Online negativity is a difficult thing to deal with and it seems that Google is attempting to fix those problems.
There is just one slight hiccup; its Perspective AI doesn’t seem to be up to the task.
A group of researchers at Aalto University and the University of Padua have discovered Google’s artificial intelligence can easily be tricked.
The state-of-the-art hate speech detection models excel only when tested by the same type of data they were trained on.
Simple tricks to get around Google’s AI include: inserting typos; adding spaces between words; or adding unrelated words to the original sentence.
The AI detects hate speech by assigning a toxicity score to a piece of text.

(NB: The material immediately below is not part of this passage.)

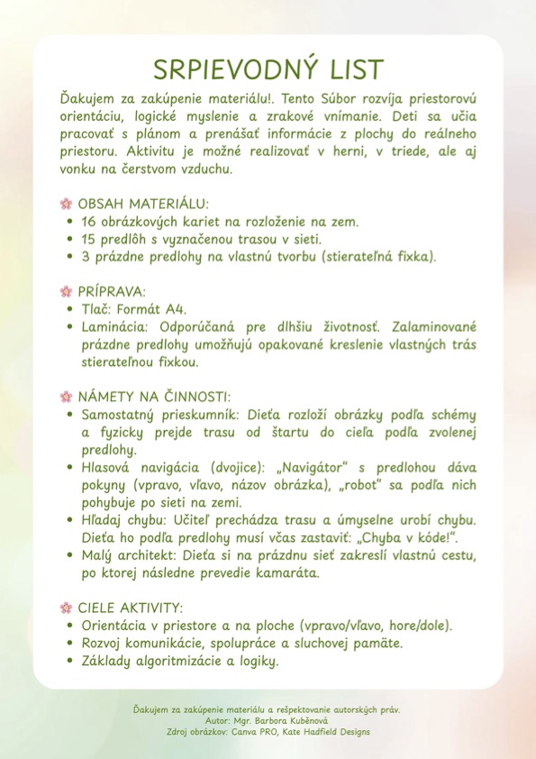 Súbor hravou formou rozvíja priestorovú orientáciu, logické myslenie a základy programovania u detí predškolského a mladšieho školského veku.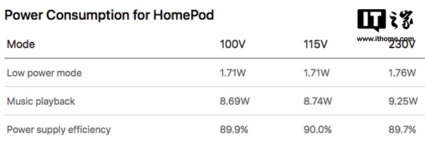 作為一款智能音箱,能源消耗相信并不是用戶在購買時的主要關注點,但蘋果還是向用戶分享了一個典型數據:HomePod在以50%的音量播放音樂時,在115V電壓下的功率是8.74瓦,相較于典型LED燈泡的9~10W的功率來說確實更低,但功率會伴隨音量上升而提高。

This score defines the text as rude, disrespectful, or unreasonable enough that anyone might leave the conversation.
However, when it comes to understanding the context of expletives, the AI system is not intelligent enough.
A simple change between “I love you” and “I fucking love you” sees a change in score from 0.02 to 0.77.
This means that ‘toxicity’, as defined by the Perspective AI, is not applicable to hate speech in any legal or substantial form.
Similarly, typographical errors or ‘leetspeek’ (replacing common letters with numbers and/or symbols to turn ‘freak’ into ‘fr33k’) are also effective at tricking the AI while still retaining the original message’s readability and emotional impact.
With many social media platforms, such as Facebook, Twitter, and YouTube struggling to find the boundary between offensive and acceptable speech, an easily applicable artificial intelligence would clearly have its benefits.
Unfortunately, with this news, and the recent examples of artificially intelligent chatbots tweeting racist content, it seems AI will need to improve before it’s let loose on the comments section.